ここから予想される最悪の結論ですが、矢張り楽観論は実現不可能で、予想以上に現実が悪いのですよ。
鉢呂経産相の『死の町』 (ふみはる)
2011-09-22 19:18:10
あの発言ですが、僕はしばらく忙しくてテレビを見ていませんでした。言葉だけ聞けば確かにそう言って欲しくないと言う感情の動く言葉ですが、テレビでやっと鉢呂経産相の表情付きの発言を見た時、彼が福島の現状に心底怯えて思わず出してしまった言葉だったとわかりました。現場を見た人にしかわからない、想像を絶する恐怖がありありと顔に表れていました。そんな彼が(政治家としてもう少し大人ではあった方が良かったと思いますが)放射能付けちゃうぞなどと言うわけが無いと思いました。酷い世の中です。
書きそびれましたが (ふみはる)
2011-09-22 19:21:12
『希望こそが最大の災いだったから』という言葉には、目覚めよと呼ぶ声が聞こえる思いがしました。
危機からの脱出(サバイバル術) (宗純)
2011-09-23 15:46:55
ふみはるさん、コメント有難うございます。

山岳遭難などの自分自身の命やメンバーの安全の為には、考えられうる最大限の『悪い予測』を行う必要性が絶対に大切なのですね。
これが、危機管理とかサバイバルとかの鉄則なのです。
自分たちが生き延びる為にリーダーとして『最悪の予測』に基づいて行動するが、同時に最良の予測(夢や希望)も失ってはいけない。

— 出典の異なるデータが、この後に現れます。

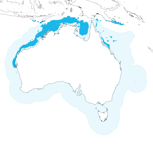 Modelled distribution shown as blue polygon (source: Australian National Fish Expert Distributions) Updated on 2008-11-19.

今度のマスコミ報道ですが、この二つの全く性質が違うものを混同して、人々を間違いに誘導しているのですから悪質です。
今度の場合ですが、一般市民などが鉢呂発言を『夢を傷つけた』と怒るのは許されるでしょう。
しかし、間違っても知事とか市長村長など責任ある立場の人が言うべき言葉ではないのですよ。
特に地震列島に危険極まりない原発を54基も設置した自民党幹部は絶対に発言してはいけない言葉なのです。
夢だけで済まして良いのは無責任でもよい宗教の聖職者だけである。
実務家である政治家は、国民全員が一番触れて欲しく無いと思っていても『最悪の予測』を語る義務があるのですよ。
それが指導的立場の人間に課された最低限の義務なのです。
管直人が、時たま『悪い予測』を語って其の度に地元知事や市長村長、マスコミに批判されて引っ込めていたのですね。
本当に情け無い男だったが、一番ましだったのもまた事実なのです。
目の前の本当の厳しい現実ではなくて、美しい自分の夢や希望で行動すれば、幾ら命があっても足りません。
平和な安全な状態なら、夢や希望で行動しても安全かもしれないが、今は正反対の危機の真っ最中ですよ。
現状の日本国のマスコミですが、致命的に病的であり、救いがたく、て絶望的に悪質ですね。